O'Donnell: Fourth-and-folly -- Who's going to watch all of these summer games?
WHERE WOULD AMERICA BE without summer's whiff of spectacle?
NFL training camps.
Where would American TV be without the profitable lure of fresh sports "community?"
The whole us/them thing. Text-ready tribalism now with a legalized cup of tea.
On the most surreal Fourth of July weekend in the history of the republic, that America is being confronted with what should be mere peripheral discards during its new abnormalcy.
Cancellation appears to be heresy in the offices of commissioners Gary Bettman, Adam Silver, Roger Goodell and Rob Manfred.
The Cubs and White Sox are in home-wary July training camps.
The Bears remain on target to open practice later this month.
Credible speculation remains that the Blackhawks will close the 2019-20 season amid the wheat field soul of Edmonton.
Even the Bulls are trying to rise from an apparent missed sword by the viral matador. That rendezvous with sub-mediocrity could be occurring right here in suddenly pandemic-friendly Chicago with seven other NBA bottom-bubblers.
Steph Curry and Co. are undoubtedly champing at the bit to be sentenced to weeks in the humid haze of a West Loop plague.
It is bizarre. It is cringey. It is eerie in the thirst degree.
There is not a skybox high enough to try and make sense of it all.
It is a charade. It is Poof the Magic Dragon, an against-most-science decree by the lords of the games that America shall play through COVID-19.
The idea that all four major North American sports leagues may be playing on top of each other before summer's end means nothing.
The leagues and their electronic advertising partners are trusting some sort of salable denial that basically states, "Show it and enough will watch."

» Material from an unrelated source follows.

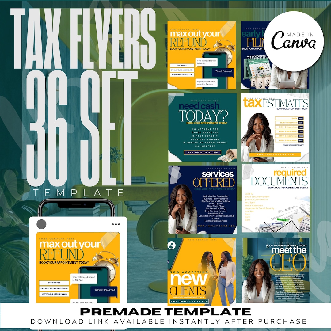 4 2024 Tax Prep Flyers Bundle Template Editable Tax Specialist Flyer
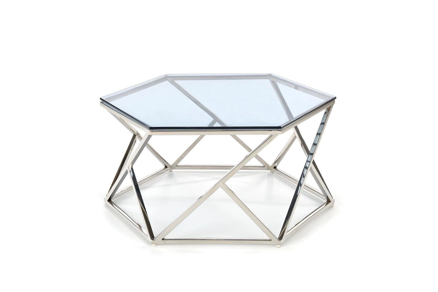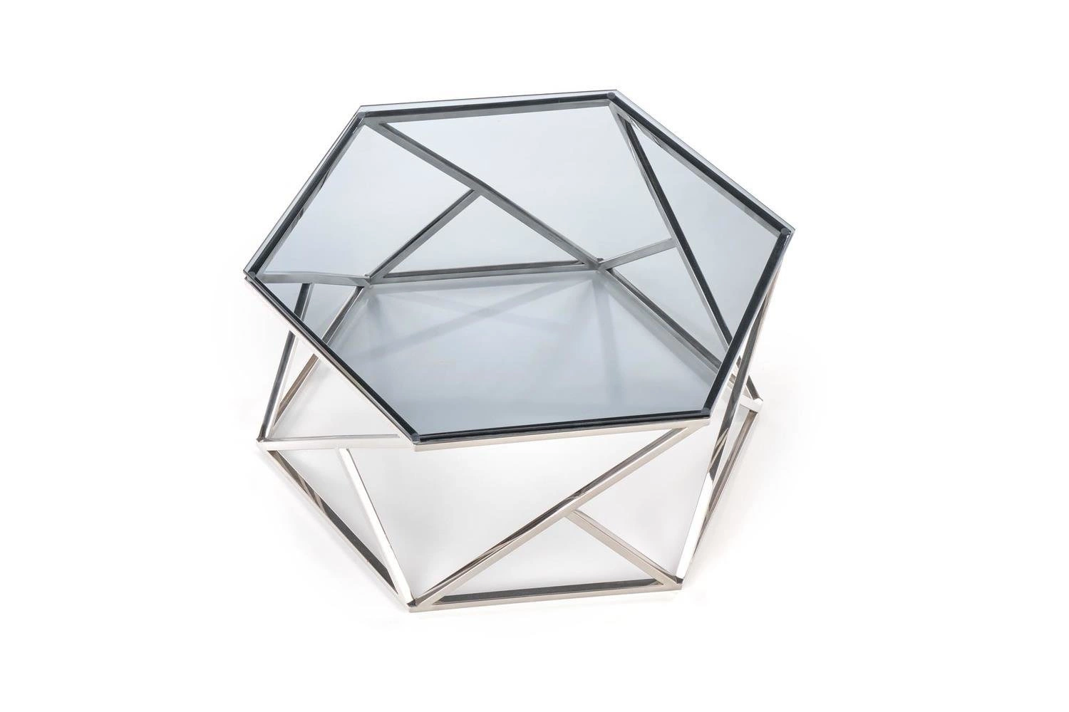 Stolik kawowy Tina to idealne rozwiązanie dla osób ceniących sobie nowoczesny styl oraz glamour. Jego heksagonalny blat wykonany z transparentnego, dymionego szkła dodaje mu wyjątkowego charakteru, a stal nierdzewna w połączeniu z chromowym stelażem gwarantują trwałość i elegancki wygląd.

What the sum of the "enough" will be remains eminently metric-worthy.
Even for a committed sports gambler, how many adrenaline rushes can be courted in an overstuffed broadcast day?
But who's stopping to measure when TV billions are on the line?
It is folly. It is a weak Bogart of an ill-timed communal opiate.
When the underpinnings of the first Independence Day were being considered, John Adams wrote: "It ought to be solemnized with pomp and people, with shows, games, sports, guns, bells, bonfires and illuminations."
Maybe good pal Thomas Jefferson edited out, "And death-defying big-league greed."
STREET-BEATIN': The NBA is planning to allow Turner Sports broadcasters Kevin Harlan, Ian Eagle and Brian Anderson to enter and exit "The Mickey Bubble" with no player interface to fulfill other obligations. (Harlan and Eagle have NFL commitments; Anderson is the TV voice of the Milwaukee Brewers.) ...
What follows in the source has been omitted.